An inert noble gas used to flush packaging and propel aerosol food products, displacing oxygen to extend shelf life.

What is it?

Helium is a naturally occurring noble gas, the second lightest element. In food use it is purified to at least 99.0% purity. Because it belongs to the noble gas group it does not react chemically with other substances under any conditions found in food production or in the human body.

What does it do?

It is used in two ways: as a packaging gas, flushing the headspace inside sealed food packaging to displace oxygen and reduce spoilage; and as a propellant, pushing food products such as whipped creams or cooking sprays out of pressurised aerosol cans. It does not alter flavour, colour, or the chemical composition of the food.

Where you will see it

Most likely to appear in modified-atmosphere packaging for fresh produce, ready meals, and chilled meats, and in aerosol food canisters. In practice EFSA found no labeled products containing it in the EU as of 2024, meaning it is rarely if ever used in commercial food products. On a label it would appear as 'helium' or 'E939' in the ingredients list, though its appearance is uncommon.

What the science says

Chemical inertness and absence of biological interaction

Helium is chemically inert: it has a full outer electron shell, forms no compounds, and passes through the body without reacting with tissues, enzymes, or DNA. No toxicological studies exist because the substance has no reactive chemistry to evaluate. EFSA's 2024 panel concluded that its physicochemical properties alone are sufficient to confirm it poses no concern from dietary exposure.

EFSA's re-evaluation panel concluded that helium used as a food additive does not raise a safety concern, citing its chemical inertness as a noble gas and that no toxicological data are needed or available.

EFSA Panel on Food Additives and Flavourings (FAF), EFSA Journal2024regulatory review

Impurity uncertainty noted by EFSA

The 2024 EFSA review noted one honest gap: no data were provided on what impurities might be present in food-grade helium above the 99.0% purity floor, or whether any of those impurities could pose a concern. The panel judged this gap as minor given the inert nature of the parent substance, but recorded it as unresolved.

No information was available on the potential presence of impurities of toxicological concern in food-grade helium; the EFSA panel noted this as a data gap.

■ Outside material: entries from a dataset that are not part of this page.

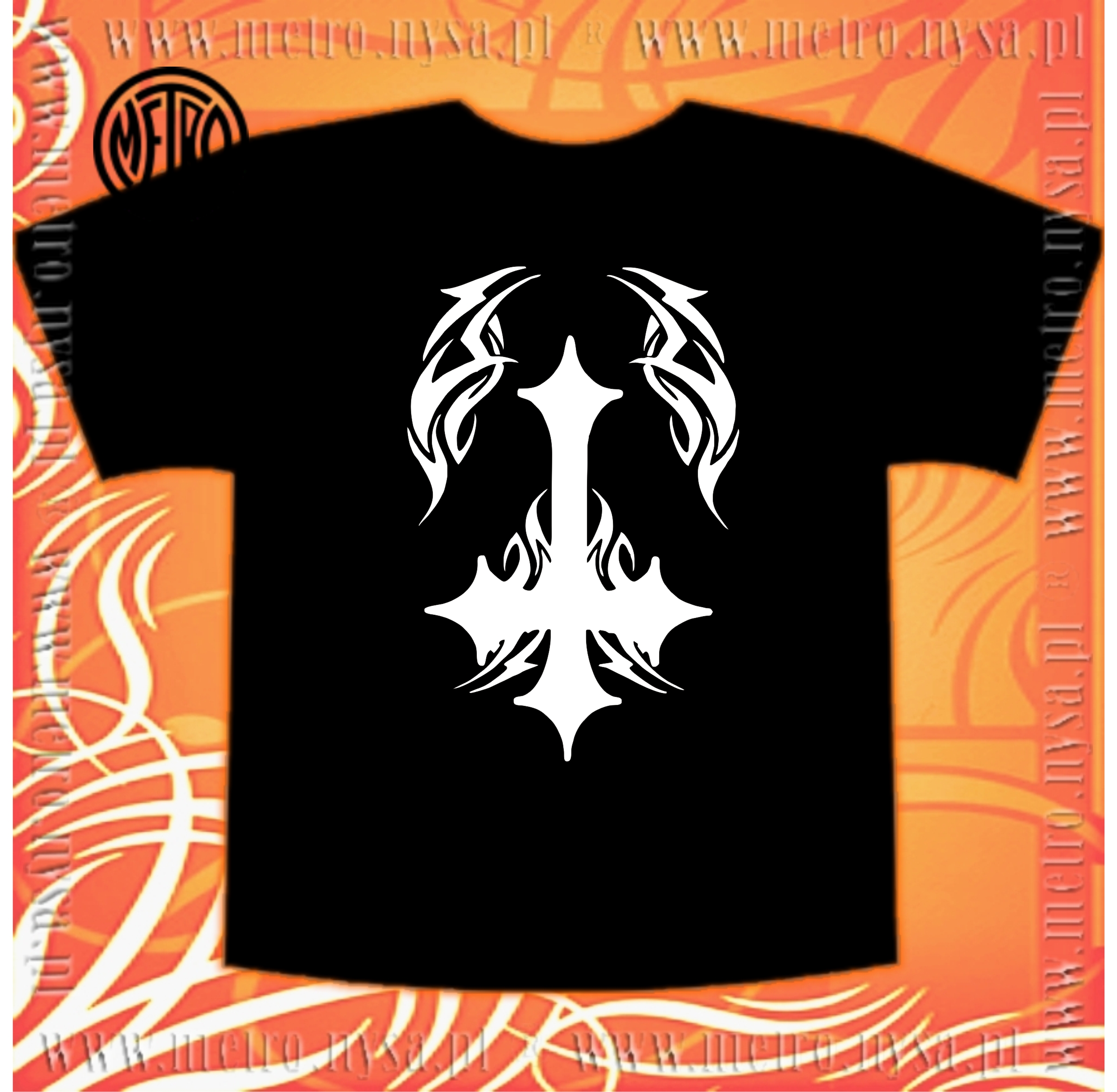 Czarny i wygodny t-shirt z nadrukiem odwróconego krzyża.
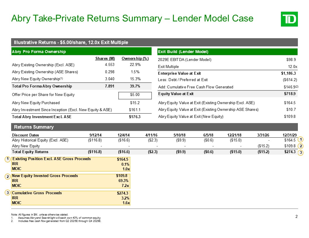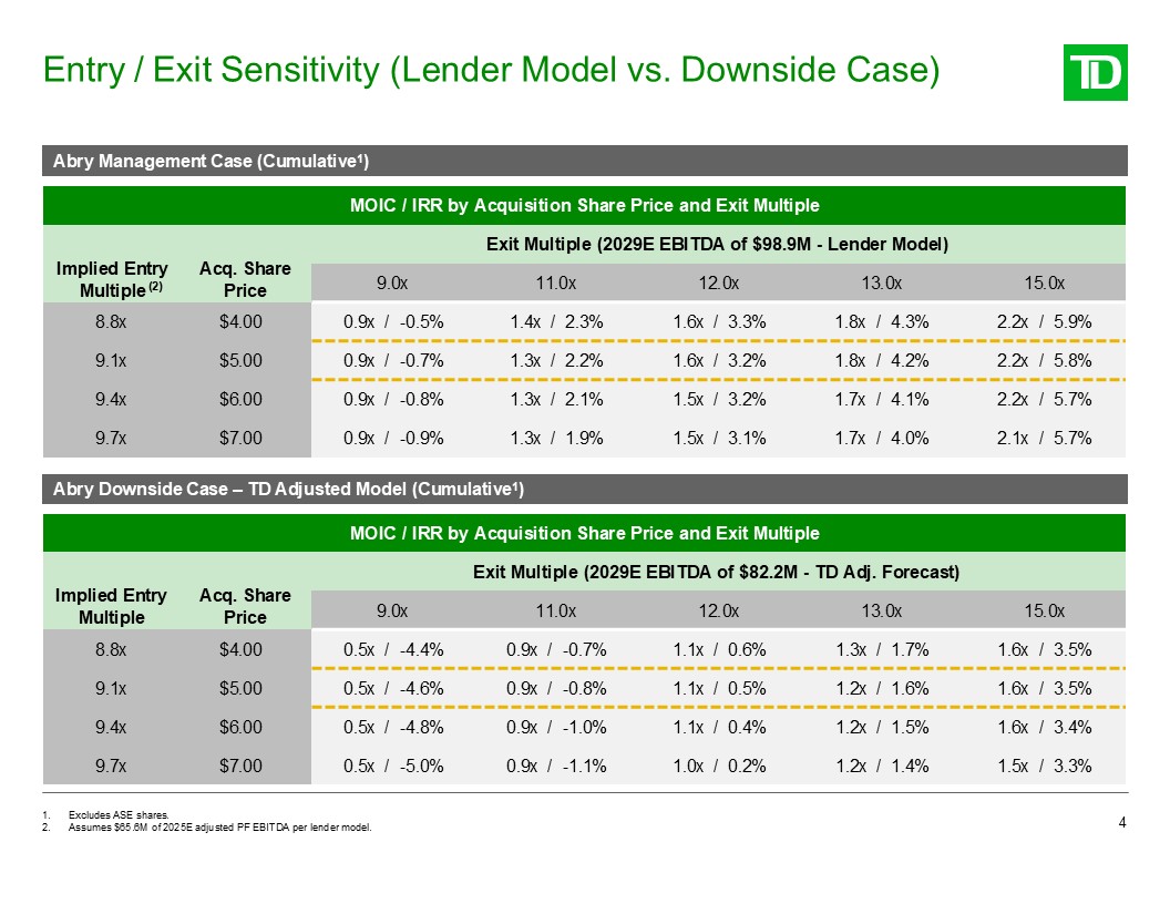 Exit Build (Downside Case - TD Adjusted Model)  2029E EBITDA (TDC Adjusted)  $82.2  Exit Multiple  10.0x  Enterprise Value at Exit  $822.0  Less: Debt / Preferred at Exit  ($614.2)  Offer Price per Share for New Equity  $5.00  Equity Value at Exit  $329.1  Abry New Equity Purchased  $15.2  Abry Equity Value at Exit (Existing Ownership Excl. ASE)  $75.3  Abry Investment Since Inception (Excl. New Equity & ASE)  $161.1  Abry Equity Value at Exit (Existing Ownership ASE Shares)  $4.9  Total Abry Investment Excl. ASE  $176.3  Abry Equity Value at Exit (New Equity)  $50.3  Add: Cumulative Free Cash Flow Generated  $121.3(2)  Abry Take-Private Returns Summary – Downside Case (TD  Adjusted Model)  3  Abry Pro Forma Ownership  Abry Existing Ownership (Excl. ASE)  Shares (M)  4.553  Ownership (%)  22.9%  Abry Existing Ownership (ASE Shares)  0.298  1.5%  Abry New Equity Ownership(1)  3.040  15.3%  Total Pro Forma Abry Ownership  7.891  39.7%  Illustrative Returns - $5.00/share, 10.0x Exit Multiple  Returns Summary  Note: All figures in $M, unless otherwise stated.  Assumes Abry and Searchlight will each own 40% of common equity.  Includes free cash flow generated from Q2 2026E through Q4 2029E.  1 Existing Position Excl. ASE Gross Proceeds IRR  MOIC  2  3  Discount Dates  9/12/14  12/4/14  4/11/16  5/10/18  6/5/18  12/21/18  3/31/26  12/31/29  Abry Historical Equity (Excl. ASE)  ($116.8)  ($16.6)  ($2.3)  ($9.9)  ($0.6)  ($15.0)  -  $75.3  1  Abry New Equity  -  -  -  -  -  -  ($15.2)  $50.3  2  Total Equity Returns  ($116.8)  ($16.6)  ($2.3)  ($9.9)  ($0.6)  ($15.0)  ($15.2)  $125.6  3  $75.3 (5.1%)  0.5x  New Equity Invested Gross Proceeds IRR  MOIC  $50.3 37.5%  3.3x  Cumulative Gross Proceeds IRR  MOIC  $125.6 (2.5%)  0.7x
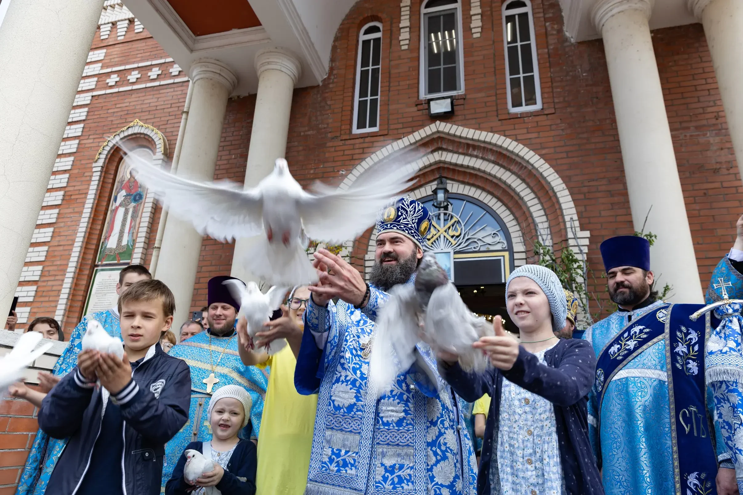 После литургии Владыка возглавил крестный ход, совершил славление Пресвятой Богородицы и, по традиции, вместе с детьми выпустил в небо белых голубей.
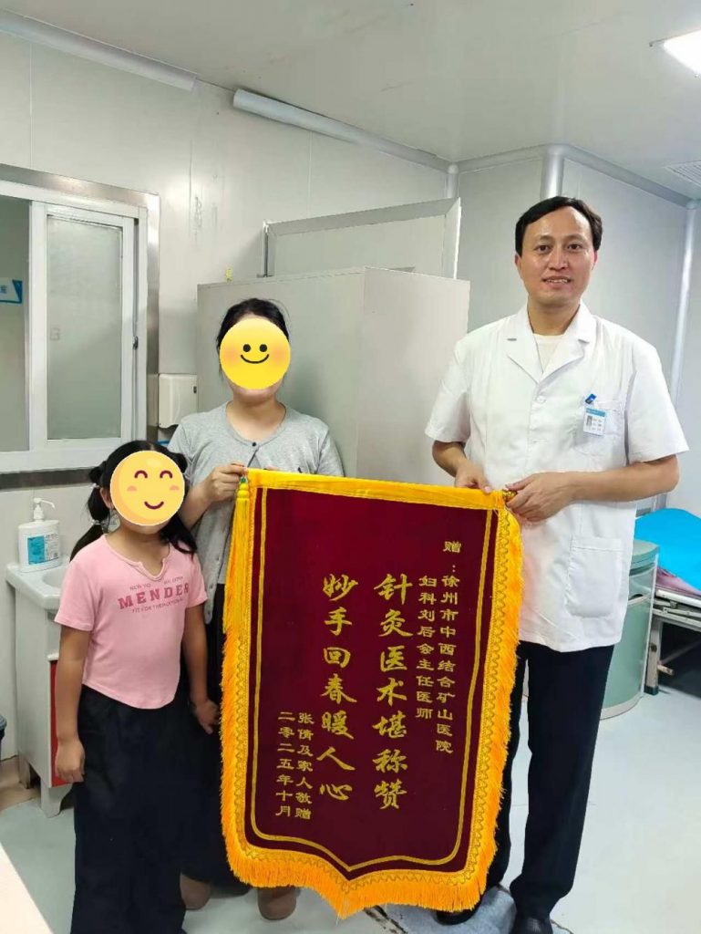 近日,位于江苏省徐州市市区西关的中煤第五建设公司职工医院中医科的诊室里洋溢着浓浓的暖意和欢笑声,康复患者李阿姨和家人来送锦旗,“感谢刘后会主任治好了折磨我多年的肩袖疼痛,还化解了我的抑郁情绪,我现在能抱孩子、能干活、能跳舞了,真是太高兴了!”李阿姨和家人连声说着“谢谢”,锦旗上醒目的8个大字——“医德高尚 医术精湛”正是对刘后会主任的高度肯定和赞扬。
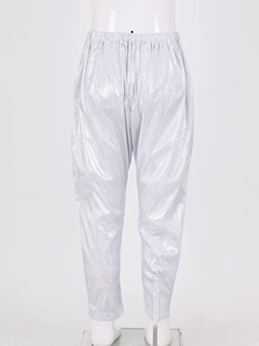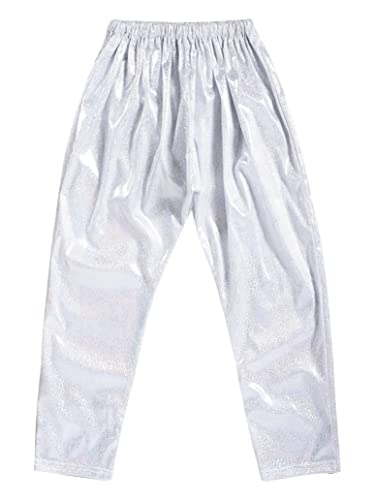 Girls Kids Sequin Metallic Elastic Waistband Trousers Little Boys Hip Hop Jazz Streetwear Dance Sports Trousers Silver 15-16 Years 6
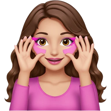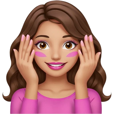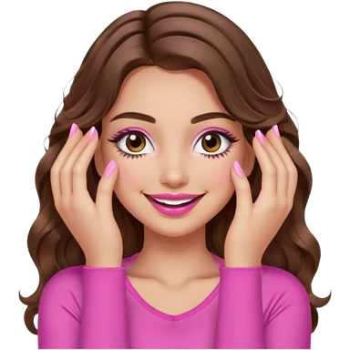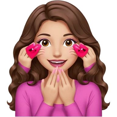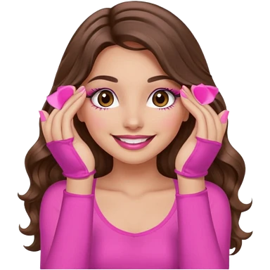 girl with long wavy brown hair, brown eyes, long lashes makeup, sexy pink lips, light to medium complexion, wearing a pink sexy top, smiling, hands covering over the eyesemoji
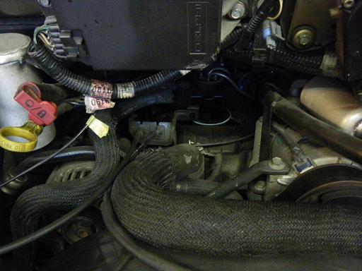 写真 左の細いホース。。。黄色いテープの
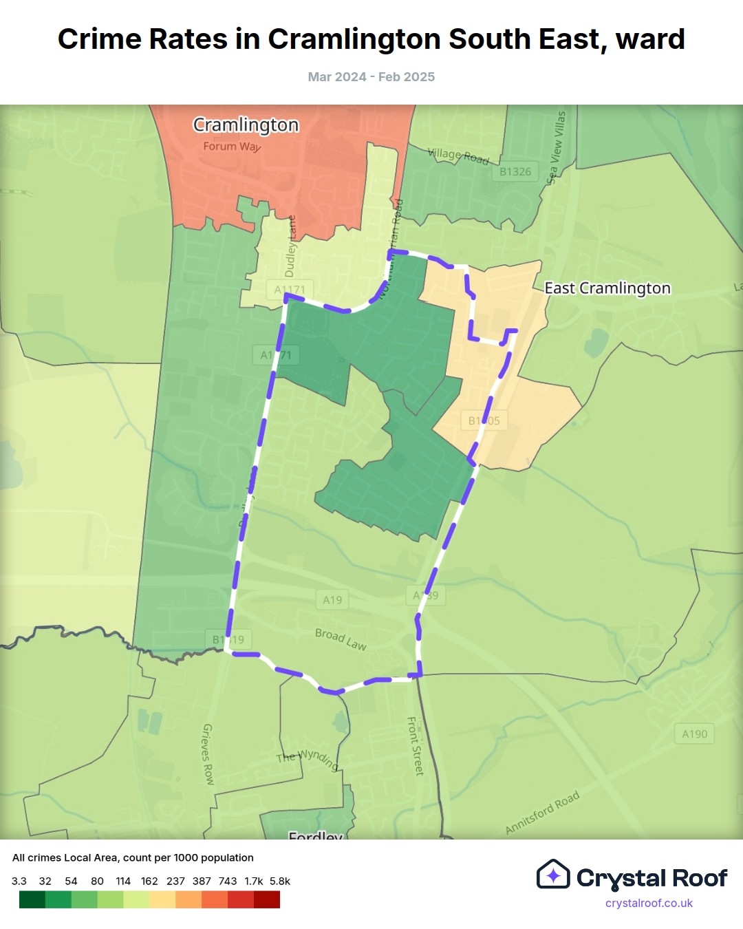 Cramlington South East, (ward) includes areas with the following crime ratings (see map):
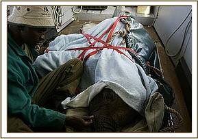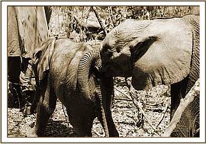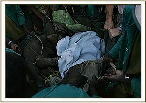 Once back at the nursery things did not look promising at all, however the positive was that despite being desperately weak and emaciated she did take her milk. The next day was touch and go as her temperature plummeted, and her trunk became damp with liquid coming from her lungs, both behind her ears, and her trunk icy cold. We brought the other orphans to her, and immediately they tenderly wrapped their trunks around her, all of them terribly concerned about the little newcomer. This seemed to be all she required and her eyes immediately brightened and she began the fight to live. We are hopeful that this beautiful gentle little girl has surmounted enormous odds and will be counted amongst our successes, but it is still early days.
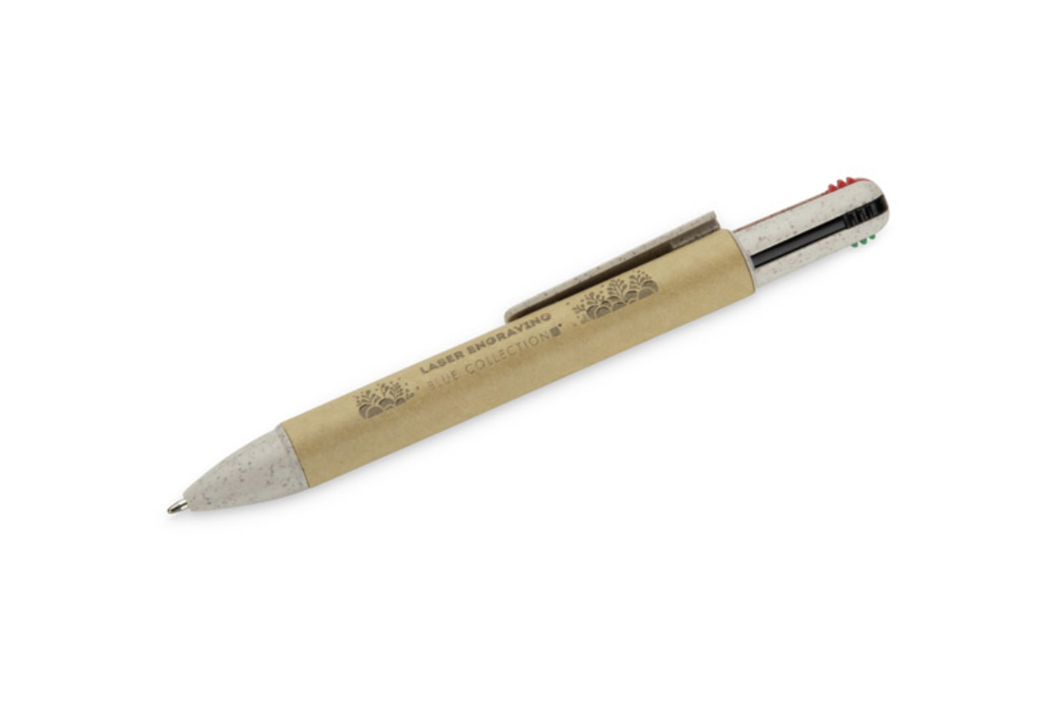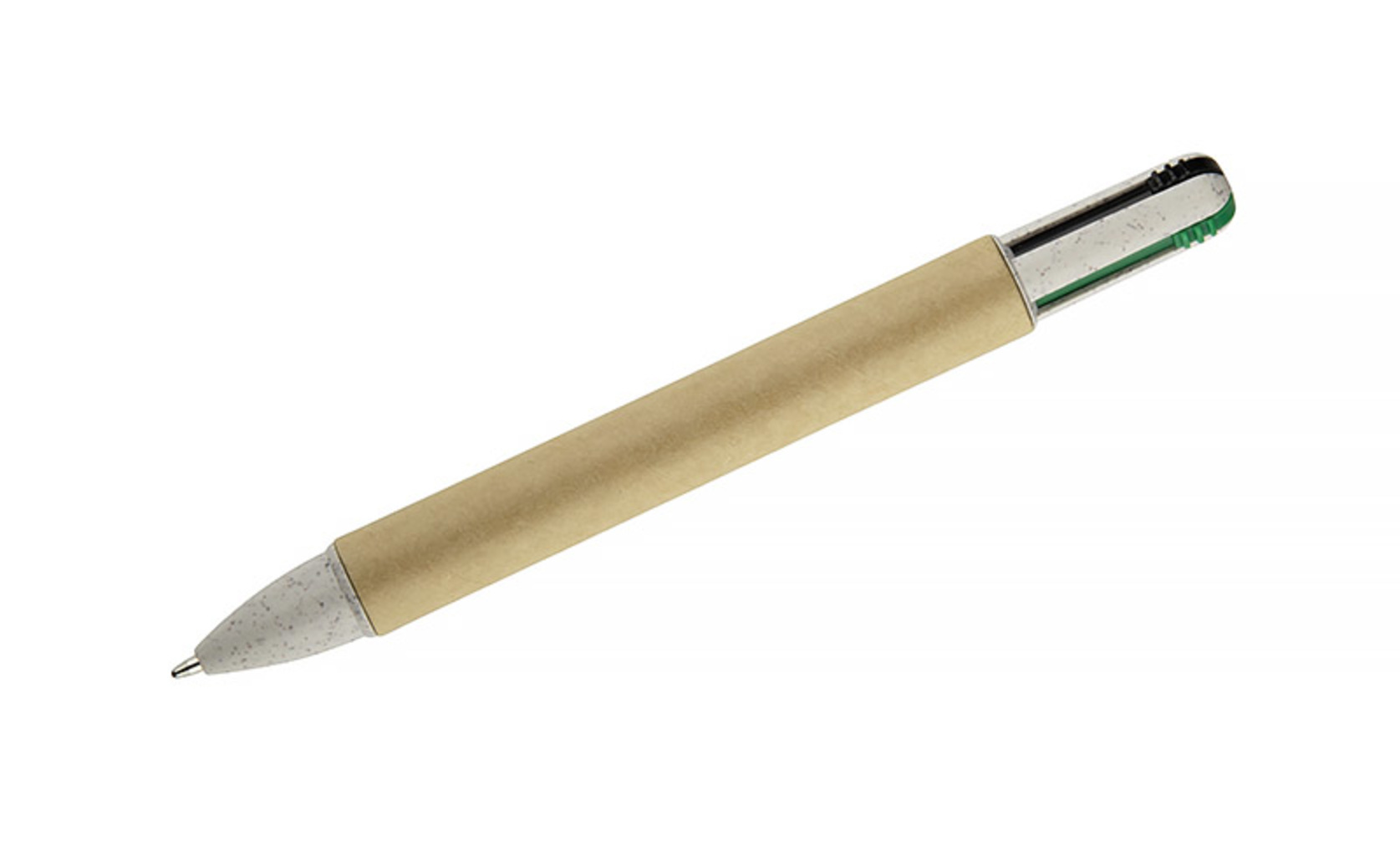 Kuličkové pero MIBO 4 v 1 je praktický kancelářský nástroj, který umožňuje psát čtyřmi barvami - modrou, černou, červenou a zelenou. Díky papírovému tělu je pero lehké a příjemné na používání. Jednoduchý univerzální tvar a automatický mechanismus vysouvání usnadňují rychlé přepínání mezi barvami. Náplně typu X20 s tloušťkou písma 0,7 mm zajišťují hladké a čitelné psaní. MIBO je funkční reklamní pomůcka s možností označení logem.
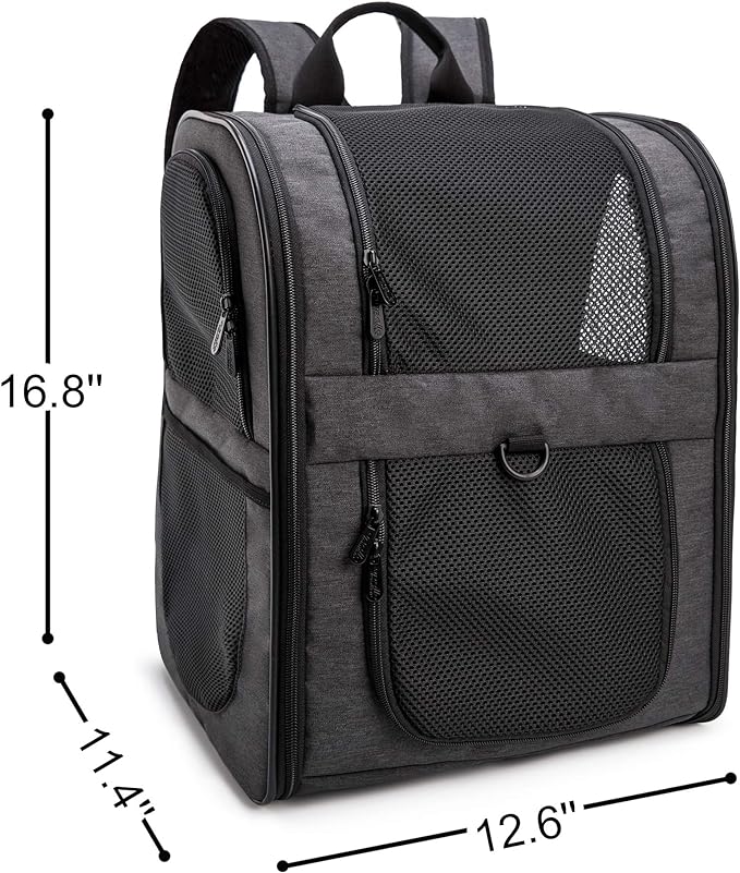 - LARGE SIZE-Designed for the maximum convenience and comfort for you and your pet while hiking, traveling, or taking your best friend to the vet, or going for a walk in the park. Measures approximately 11.4" x 12.6" x 16.8" (L x W x H),larger than most competitors in the market.Easily fits medium cats&dogs,even large sized cats and other medium pets.
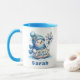 Spread holiday cheer with this Personalised Blue Snowman Merry Christmas Sign Mug! This charming Christmas coffee mug features an adorable snowman dressed in a cosy blue hat and scarf, holding a festive 'Merry Christmas' sign and a sparkling snowflake wand. Easily customise it with any name to make it a perfect holiday gift, a warm greeting, or a delightful addition to your winter décor
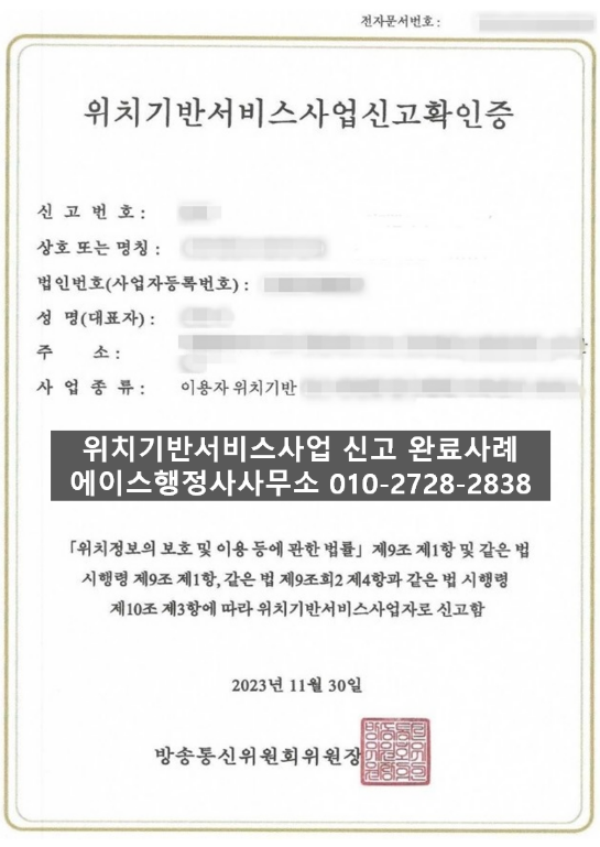 안녕하세요. 위치기반서비스사업 신고 전문 에이스행정사사무소입니다.

EFSA Panel on Food Additives and Flavourings (FAF), EFSA Journal2024regulatory review

Practical absence from food supply

EFSA's 2024 survey found that no business operators in the EU reported actually using helium in food products, and a search of labeled products found none containing E939. Its authorisation appears to be precautionary or historic rather than a reflection of current commercial practice.

A database search for products labeled with E939 returned no results, and no use data were submitted during EFSA's call for information on helium as a food additive.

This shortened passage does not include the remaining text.